* _TASK OBJECTIVE_: When you reach the line containing "PROOF $1 2017", begin reproducing the material exactly, stop after the line containing "Стиральная машина фронтальная", and leave out any pictures along the way.

* _DATA FOR THIS EXERCISE_:

──────

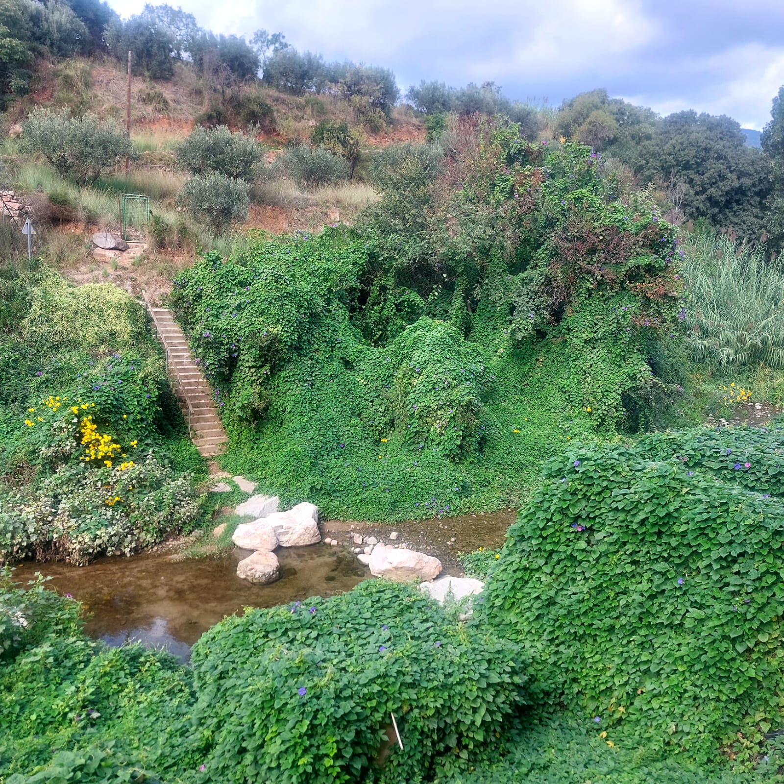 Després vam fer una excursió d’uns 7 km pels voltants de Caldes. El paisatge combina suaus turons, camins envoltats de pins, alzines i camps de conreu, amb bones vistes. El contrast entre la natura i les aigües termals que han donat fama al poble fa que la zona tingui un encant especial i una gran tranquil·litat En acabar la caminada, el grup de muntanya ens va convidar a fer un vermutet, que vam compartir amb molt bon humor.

──────

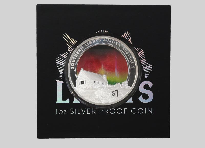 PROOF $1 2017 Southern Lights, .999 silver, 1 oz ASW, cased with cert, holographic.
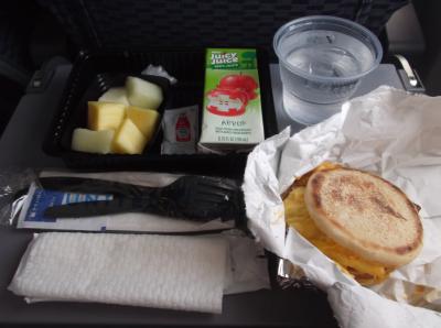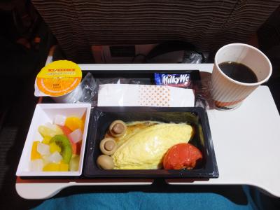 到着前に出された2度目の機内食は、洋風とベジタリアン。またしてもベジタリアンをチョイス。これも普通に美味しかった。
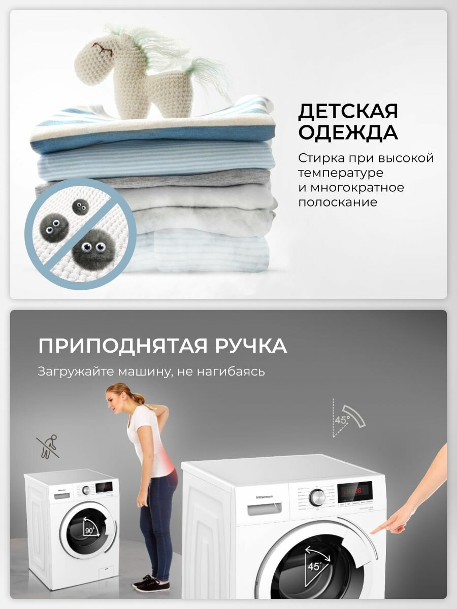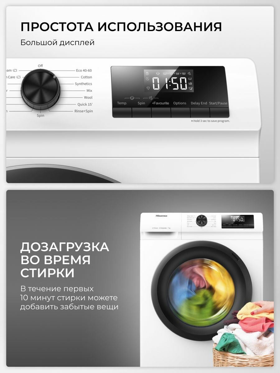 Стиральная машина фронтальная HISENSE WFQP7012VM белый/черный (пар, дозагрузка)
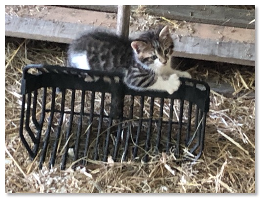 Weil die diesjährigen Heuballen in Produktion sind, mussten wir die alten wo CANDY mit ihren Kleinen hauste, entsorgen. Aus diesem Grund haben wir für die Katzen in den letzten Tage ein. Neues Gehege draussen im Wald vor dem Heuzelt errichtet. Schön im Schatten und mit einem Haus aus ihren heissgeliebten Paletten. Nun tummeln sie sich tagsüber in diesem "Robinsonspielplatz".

──────

* _EXPECTED ANSWER_:
 PROOF $1 2017 Southern Lights, .999 silver, 1 oz ASW, cased with cert, holographic.
 到着前に出された2度目の機内食は、洋風とベジタリアン。またしてもベジタリアンをチョイス。これも普通に美味しかった。
 Стиральная машина фронтальная HISENSE WFQP7012VM белый/черный (пар, дозагрузка)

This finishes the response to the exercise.